Even when he is busy, the wise man is still.
There is this Eastern idea that the greatest things come out of stillness, not out of striving. Not out of the hamster treadmill we seem to be on day in and day out.
Whether we’re a stay-at-home mom or a corporate employee, we all want and need to get things done, of course. But we live in an age when everyone seems to be rushing around, exhausted and stressed, on the verge of burnout. We’ve entered an era where we can literally be “productive” 24/7, thanks to cell phones that live under our pillows at night.
And nowhere is this more evident than our vacations. Americans have fewer vacation days than any other developed nation—and we don’t even take all our vacation days. What’s more, 91 percent of the people who actually take vacation days end up checking work email on those days! We’re at a point where we literally don’t stop, ever.
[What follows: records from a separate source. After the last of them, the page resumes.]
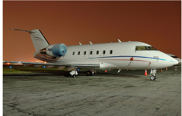
Challenger 601 Intake Covers, standard design
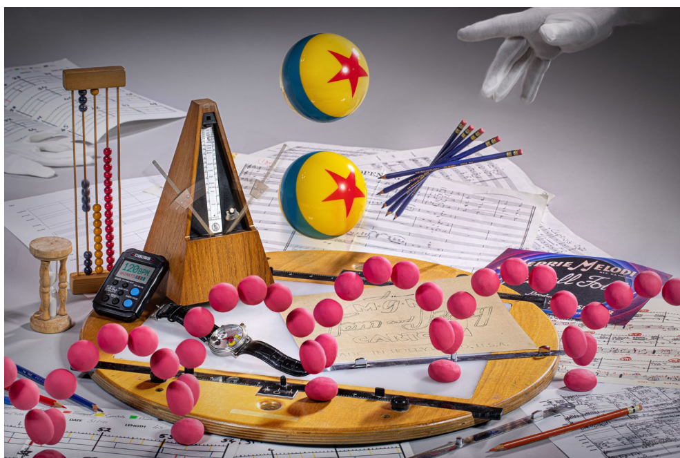
Figure 1: Unstill Life (© Mark Mason, 2023)

Keywords: animation; timing; cartoons; synchronisation; beats; tempo; rhythm; music.
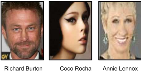
Figure 3. Some of the examples from the extended DFW dataset in which the query returned impostor images.

It is interesting to note that the network’s performance increased considerably, after the downloaded data was used along with the DFW data. No cleaning of the data was performed and the search engine’s results were used to assign the identity to the downloaded images. We noted that in a few cases, images retrieved against the search query generated impostor images too. However, they are used as is in the training without any manual pruning. Some examples of the above mentioned weakly labelled images (which do not belong to the correct identity) are shown in Figure 3. We refer to this data as weakly labelled as it is possible that an incorrect identity retrieved during the web search can be due to an attribute of the face in the retrieved image, which makes the image as a good candidate for being the disguised representation of the original identity.
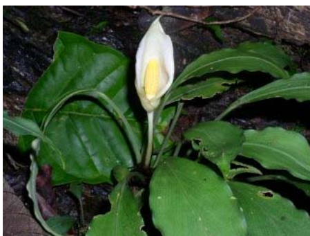
Figure 69. Aridarum caulescens M.Hotta
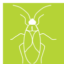
Box Elder Beetle
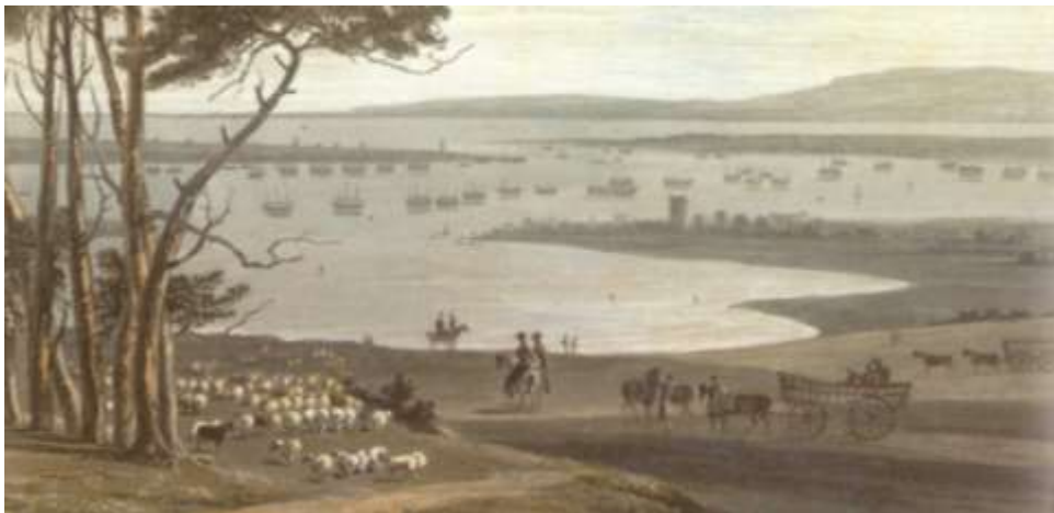
View over Portsmouth Harbour
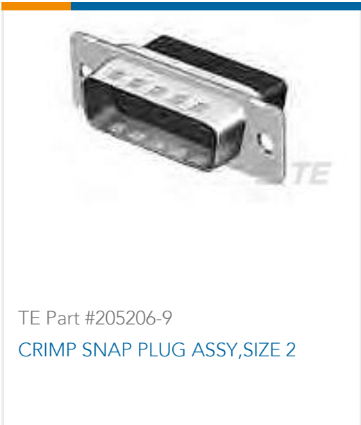
TE Part #205206-9 CRIMP SNAP PLUG ASSY,SIZE 2
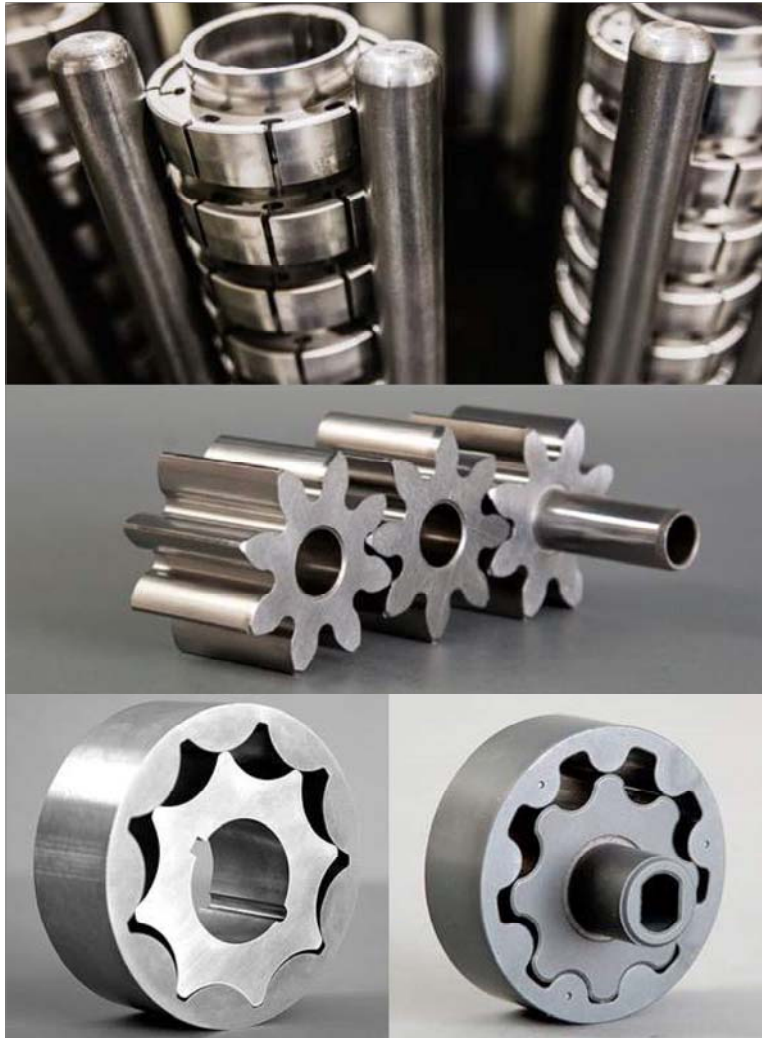
Fig. 5 Nichols Portland manufactures a wide range of PM components to high tolerances. Shown top is a VDP rotor, middle is a spur gear, bottom left a steel gerotor, bottom right a hubbed steam treated gerotor

not discovered until the testing and validation stages. The company does this by leveraging the accumulated experience of its application team, several of whom have been with Nichols Portland for more than thirty years. It has a large library of test data from benchmarking commercially available products in the markets it serves (Fig. 4). Quite often, that includes designing test fixtures and testing pumps in order to quantify performance, and the contribution of specific features to that performance. Nichols Portland's reports, which follow several SAE and ISO testing procedures, generally total more than one hundred pages.

There’s a reason for that, of course. Research by cultural psychologists Hazel Markus and Geert Hofsteder has shown that our culture, a set of norms built up over time as a belief system, has a deep influence on our views and attitudes. For Americans, this tendency to strive has much to do with the Protestant work ethic—the notion that you have to prove yourself in the eyes of God. Moreover, American culture, as an immigrant culture, is influenced by its highly industrious forefathers. These cultural norms developed long before it was even possible to work the hours we do now.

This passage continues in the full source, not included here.